Tuesday, June 21, 2011

Torchwood: Children of Earth

Ok, everyone was right.  Children of Earth was a game changer for Torchwood.  Before CofE Torchwood was an enjoyable but uneven program that couldn’t seem to decide if it wanted to emphasize science fiction or detective story.  After CofE Torchwood is a Serious Television Show.

When all the children on earth freeze for minutes at a time and then start to recite the same words together, well that’s a clue that something is going on that might not be of this world.  So far, pretty typical.  But then the writers set us up to believe that a new character is going to join the Torchwood team only to reveal that he is part of a group working against Torchwood.  Then we find out that the government has ordered a hit on Captain Jack because … well, we don’t know why.  Then the government tries to kill Captain Jack but he can’t die, even when he’s blown up.  Then they decide to encase him in concrete.  It’s all very exciting but all the time there is a big scary alien coming that has something to do with the children. 

Then when Torchwood finally manages to force its way into the situation and take control of the situation, it all goes horribly wrong.  And the ending.  Captain Jack had a hard choice to make and he made it. 

Lots of deaths.  Lots of people important to Jack dying because of Jack.

After all that, who can blame him for deciding he needed some time away and beaming up to the nearest starship a la Arthur Dent.  He must come back to earth though because I hear he’s in the new series that starts next month. 

Last time I wrote about Torchwood I said that they needed to create either a Big Bad institution or a Big Bad person for Jack to go up against.   I also said I didn’t think that Ianto and Jack didn’t have any chemistry and I wouldn’t be sorry to see him go. 

They created a governmental Big Bad that was a bad as anything I’ve ever seen.  There is a scene where the government is trying to decide whose children to sacrifice to the alien and they decide it can’t be the children of the elite, not their children.  It was a pretty chilling scene as they made the decision that it was the low achievers who had to go.  So it was a good Big Bad to put Jack up against.  It allowed Jack to be Jack without any necessity of toning down his act.

And they got rid of Ianto.  I admit that I was sad when he died.  But I still didn’t think that he and Jack had chemistry.  I’m going to admit here that it went through my mind at the end of Season 2 that Ianto was a double agent sent to infiltrate Torchwood and be a honey trap for Jack.  I never believed that he really cared for Jack. He had more passion for the robowoman in Season 1 than he ever showed for Jack. But, in CofE I did believe that he cared for Jack.   I still didn’t think they were good together but I stopped thinking that the writers had some evil plot that hadn’t yet been revealed.    But now that he’s gone, I’ll drop it and just say I’m sad he had to die a horrible death.

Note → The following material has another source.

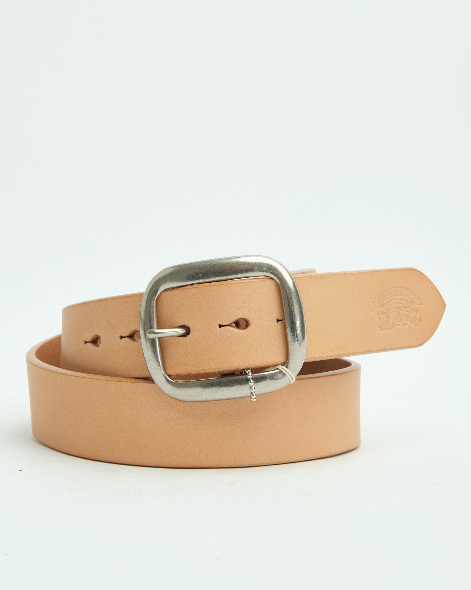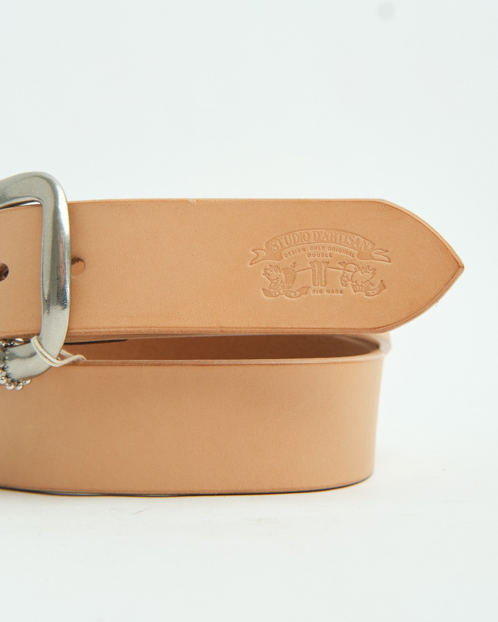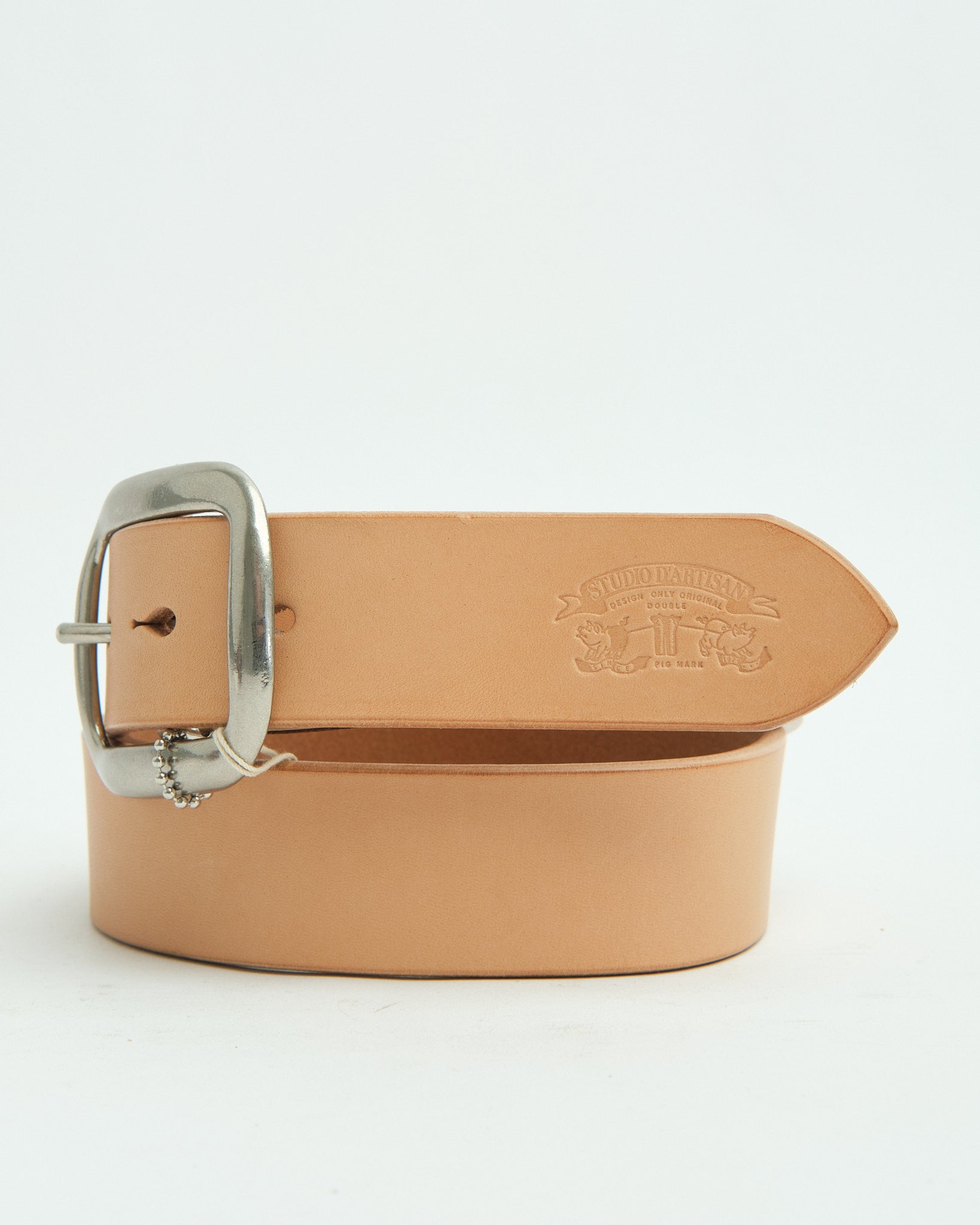 Un'ispirazione vintage realizzata: la Cintura in Pelle Studio D’Artisan B‑81 è realizzata in cuoio bovino conciato al vegetale di circa 4,5 mm di spessore, progettata per resistere alla prova del tempo. La cinghia si estende per circa 1,5 pollici (≈ 38 mm) in larghezza—abbastanza larga da essere audace con il denim, abbastanza stretta da scivolare sotto passanti per cintura più robusti. I suoi cinque fori a forma di goccia fanno eco all'eredità del workwear, mentre una fibbia ovale nichelata (spesso rimovibile) aggiunge sia funzionalità che carattere. Bordi lucidati e smussati levigano il suo profilo, e un sottile logo Studio D’Artisan impresso vicino alla coda conferisce quel credito ereditario. Costruita in Giappone, questa cintura è tanto robusta quanto raffinata—indossala per decenni, lascia che invecchi con te.
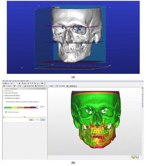 - Cevidanes, L.H.; Bailey, L.J.; Tucker, S.F.; Styner, M.A.; Mol, A.; Phillips, C.L.; Proffit, W.R.; Turvey, T. Three-dimensional cone-beam computed tomography for assessment of mandibular changes after orthognathic surgery. Am. J. Orthod. Dentofac. Orthop. 2007, 131, 44–50. [Google Scholar] [CrossRef]

So now we wait for the next season, which I won’t see because I don’t have cable.  Coming off of CofE, I have high hopes.  Plus Jane Espenson is one of the writers.  Plus they are moving part of the action to Los Angeles.  Normally I wouldn’t be excited by that but I think Jack in Los Angeles could be fun.  Los Angeles is BIG and Jack is BIG.  And the people of Los Angeles … well they seem kind of alien to me.

I continue to think that Jack plays better in a setting that is a little, oh, less than normal.  Los Angeles is certainly that.

I tried to watch Torchwood and Doctor Who in the order in which they aired.  So I saw the last few Doctor Who episodes after the end of CofE.  In the episode where the Tenth Doctor dies and regenerates, he has a chance to visit all of his friends one last time and do something nice for them.  In one scene he looks up Captain Jack.  Jack is in a space bar (very reminiscent of Mos Eisley Cantina in Star Wars).  So the Doctor gets to see a lot of the aliens he has encountered in this lifetime as well as Jack.

It seems right that Jack is in a bar.  He’s lost Ianto and he’s lost a member of his own family.  He’s sitting at a bar drinking.  He’s not the same Jack. And the Doctor gives him a little push to get back into the human scene.  Sure, this scene could have been a Torchwood scene.  But Torchwood took place in Cardiff.  He would have been sitting in a bar in Cardiff and the lighting would have been dark.  Very Torchwoodesque and dark.  But since this scene took place in Doctor Who, they could set it in a space bar and make it Really Fun!  And that’s what Jack needs – a really fun setting.  Because his character is Really Fun.   And as I watched that scene I thought …. Yeah, this could be Los Angeles.